Personal information
- Nationality: French
- Born: Doudou Mapwanga Kitanda February 6, 1982 (age 44) Kinshasa, D.R. Congo
- Height: 5 ft 11 in (180 cm)
- Weight: Light heavyweight

Boxing career
- Stance: Orthodox

Boxing record
- Total fights: 48
- Wins: 38
- Win by KO: 14
- Losses: 9

= Doudou Ngumbu =

Congolese boxer (born 1982)

Doudou Mapwanga Kitanda Djike (born 6 February 1982) is a Congolese born French professional boxer competing in the Light heavyweight division.

==Professional career==

Ngumbu turned professional in 2007 and won his first 20 fights with 9 stoppage victories.
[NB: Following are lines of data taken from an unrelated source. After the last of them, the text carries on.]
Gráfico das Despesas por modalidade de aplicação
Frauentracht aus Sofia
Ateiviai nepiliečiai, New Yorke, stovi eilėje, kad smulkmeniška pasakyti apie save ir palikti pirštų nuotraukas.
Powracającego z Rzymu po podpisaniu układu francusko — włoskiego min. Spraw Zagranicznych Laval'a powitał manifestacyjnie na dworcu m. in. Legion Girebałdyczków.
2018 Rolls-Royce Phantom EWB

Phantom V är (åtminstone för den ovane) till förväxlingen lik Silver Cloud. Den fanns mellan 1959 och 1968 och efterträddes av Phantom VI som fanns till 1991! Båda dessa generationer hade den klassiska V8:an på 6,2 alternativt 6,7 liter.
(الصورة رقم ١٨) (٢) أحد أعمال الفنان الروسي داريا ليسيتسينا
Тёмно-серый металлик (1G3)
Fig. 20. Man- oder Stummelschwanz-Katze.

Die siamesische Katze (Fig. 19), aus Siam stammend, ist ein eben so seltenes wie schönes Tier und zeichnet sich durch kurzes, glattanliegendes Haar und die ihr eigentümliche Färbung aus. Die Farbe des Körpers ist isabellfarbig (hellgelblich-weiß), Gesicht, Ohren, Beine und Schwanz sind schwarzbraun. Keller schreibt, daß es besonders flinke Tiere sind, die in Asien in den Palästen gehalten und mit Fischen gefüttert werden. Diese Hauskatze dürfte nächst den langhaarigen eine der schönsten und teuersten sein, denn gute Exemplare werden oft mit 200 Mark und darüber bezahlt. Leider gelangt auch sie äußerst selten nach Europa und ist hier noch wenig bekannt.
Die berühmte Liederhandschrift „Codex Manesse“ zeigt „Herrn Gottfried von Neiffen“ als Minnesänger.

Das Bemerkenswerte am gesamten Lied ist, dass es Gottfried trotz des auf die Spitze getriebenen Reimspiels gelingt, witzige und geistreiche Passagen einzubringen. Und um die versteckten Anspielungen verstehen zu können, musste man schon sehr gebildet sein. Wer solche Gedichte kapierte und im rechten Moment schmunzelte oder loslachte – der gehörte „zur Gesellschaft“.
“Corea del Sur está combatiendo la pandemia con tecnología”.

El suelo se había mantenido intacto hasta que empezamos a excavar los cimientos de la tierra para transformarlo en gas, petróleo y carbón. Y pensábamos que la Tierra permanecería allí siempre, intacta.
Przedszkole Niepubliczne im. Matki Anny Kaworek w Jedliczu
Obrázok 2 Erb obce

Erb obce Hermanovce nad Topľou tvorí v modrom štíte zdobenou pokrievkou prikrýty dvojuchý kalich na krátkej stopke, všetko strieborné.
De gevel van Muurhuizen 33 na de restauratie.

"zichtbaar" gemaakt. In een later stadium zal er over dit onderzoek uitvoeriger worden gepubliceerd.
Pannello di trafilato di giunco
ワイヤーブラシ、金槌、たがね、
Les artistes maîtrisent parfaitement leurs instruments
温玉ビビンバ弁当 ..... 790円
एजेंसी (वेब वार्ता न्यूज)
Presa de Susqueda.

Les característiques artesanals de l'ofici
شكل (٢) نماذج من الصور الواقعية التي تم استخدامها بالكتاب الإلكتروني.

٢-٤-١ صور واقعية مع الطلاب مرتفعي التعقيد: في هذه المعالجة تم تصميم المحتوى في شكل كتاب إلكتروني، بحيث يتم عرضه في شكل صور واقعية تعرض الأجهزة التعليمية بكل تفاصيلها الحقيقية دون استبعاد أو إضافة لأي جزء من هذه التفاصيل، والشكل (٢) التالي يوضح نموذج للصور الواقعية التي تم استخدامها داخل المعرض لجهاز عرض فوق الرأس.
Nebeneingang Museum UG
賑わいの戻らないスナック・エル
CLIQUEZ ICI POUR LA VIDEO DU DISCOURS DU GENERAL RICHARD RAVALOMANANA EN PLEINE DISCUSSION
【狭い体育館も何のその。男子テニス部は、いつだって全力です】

He would taste defeat for the first time against Malawian boxer Isaac Chilemba. He got his first shot at a title in his third fight against russian boxer Igor Mikhalkin. Ngumbu with a record of 38-8, would finally get an opportunity to fight for a major world title against WBC Light heavyweight champion Oleksandr Gvozdyk.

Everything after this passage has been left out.